Zhu Pan, Ouyang Wanqi, Guo Yongxing, Zhou Xinglin
Key Laboratory of Metallurgical Equipment and Control Technology, Ministry of Education, Wuhan University of Science and Technology, Wuhan, China.
Hubei Key Laboratory of Mechanical Transmission and Manufacturing Engineering, Wuhan University of Science and Technology, Wuhan, China.
Front Bioeng Biotechnol. 2022 Jul 14;10:923364. doi: 10.3389/fbioe.2022.923364. eCollection 2022.
The image fusion algorithm has great application value in the domain of computer vision, which makes the fused image have a more comprehensive and clearer description of the scene, and is beneficial to human eye recognition and automatic mechanical detection. In recent years, image fusion algorithms have achieved great success in different domains. However, it still has huge challenges in terms of the generalization of multi-modal image fusion. In reaction to this problem, this paper proposes a general image fusion framework based on an improved convolutional neural network. Firstly, the feature information of the input image is captured by the multiple feature extraction layers, and then multiple feature maps are stacked along the number of channels to acquire the feature fusion map. Finally, feature maps, which are derived from multiple feature extraction layers, are stacked in high dimensions by skip connection and convolution filtering for reconstruction to produce the final result. In this paper, multi-modal images are gained from multiple datasets to produce a large sample space to adequately train the network. Compared with the existing convolutional neural networks and traditional fusion algorithms, the proposed model not only has generality and stability but also has some strengths in subjective visualization and objective evaluation, while the average running time is at least 94% faster than the reference algorithm based on neural network.

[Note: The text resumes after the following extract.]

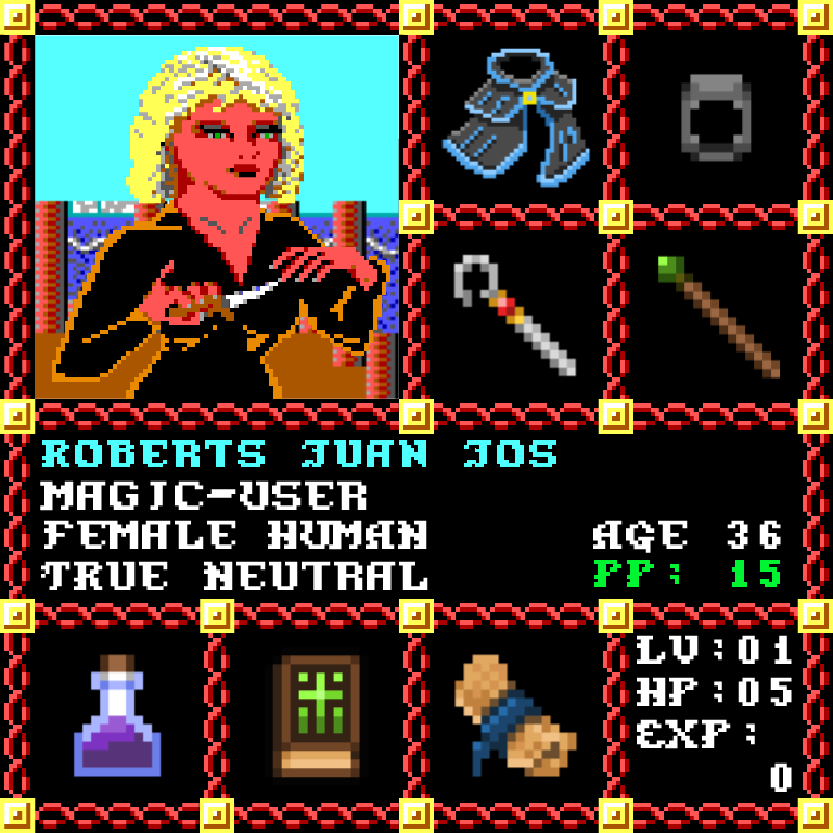 Roberts Juan Jose is a Female Human, born to be a Magic-User. Since her birth, for the last 36 years, her alignment has been True Neutral and she has been honing her skills with the Quarterstaff +2. She also carries the following: [Potion of Fire Resistance ] [Phlan Journal Entries 1-15] [Scroll of Haste x50] > > > Roberts Juan Jose is part of the Genesis Series of the Players Guild NFT Pool of Radiance Tribute.

图像融合算法在计算机视觉领域具有重要的应用价值,它能使融合后的图像对场景有更全面、清晰的描述,有利于人眼识别和自动机械检测。近年来,图像融合算法在不同领域取得了巨大成功。然而,在多模态图像融合的泛化方面仍面临巨大挑战。针对这一问题,本文提出了一种基于改进卷积神经网络的通用图像融合框架。首先,通过多个特征提取层捕获输入图像的特征信息,然后沿通道数堆叠多个特征图以获取特征融合图。最后,来自多个特征提取层的特征图通过跳跃连接和卷积滤波在高维上堆叠进行重构,以产生最终结果。本文从多个数据集中获取多模态图像,以生成一个大的样本空间来充分训练网络。与现有的卷积神经网络和传统融合算法相比,所提出的模型不仅具有通用性和稳定性,而且在主观可视化和客观评估方面具有一定优势,同时平均运行时间比基于神经网络的参考算法至少快94%。